** Opening RECORD EXTRACTS block **
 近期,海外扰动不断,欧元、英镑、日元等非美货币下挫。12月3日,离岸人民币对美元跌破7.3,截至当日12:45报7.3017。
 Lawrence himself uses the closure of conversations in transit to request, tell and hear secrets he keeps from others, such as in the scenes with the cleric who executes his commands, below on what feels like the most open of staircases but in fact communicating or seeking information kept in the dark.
** Closing RECORD EXTRACTS block **
** Opening RECORD EXTRACTS block **
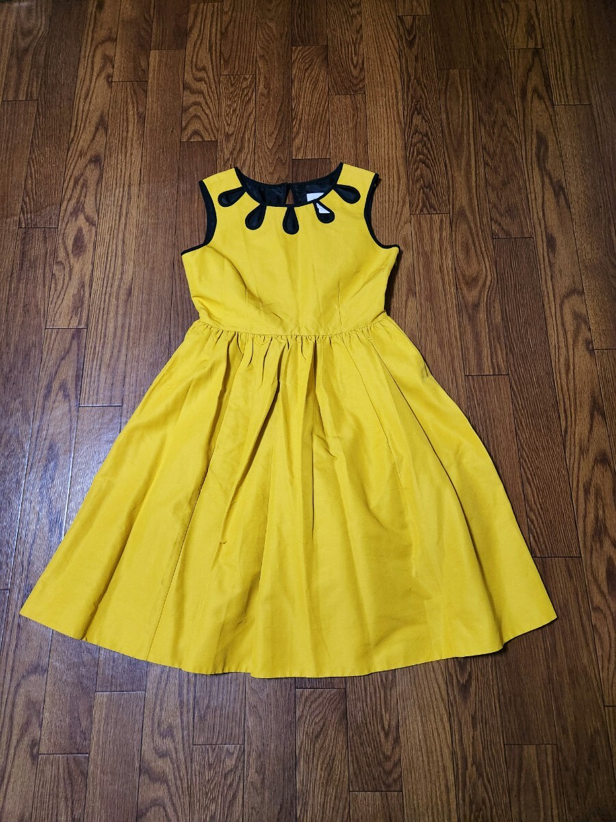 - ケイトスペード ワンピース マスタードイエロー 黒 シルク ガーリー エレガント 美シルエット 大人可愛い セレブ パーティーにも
** Closing RECORD EXTRACTS block **
▸ **AIM OF THE EXERCISE**
Copy the stretch of the records above that runs from the line with "近期,海外扰动不断,欧元、英" through the line with "Lawrence himself uses". Both end lines belong in the copy, and nothing else does.

▸ **SOLUTION TO THE PROBLEM**
 近期,海外扰动不断,欧元、英镑、日元等非美货币下挫。12月3日,离岸人民币对美元跌破7.3,截至当日12:45报7.3017。
 Lawrence himself uses the closure of conversations in transit to request, tell and hear secrets he keeps from others, such as in the scenes with the cleric who executes his commands, below on what feels like the most open of staircases but in fact communicating or seeking information kept in the dark.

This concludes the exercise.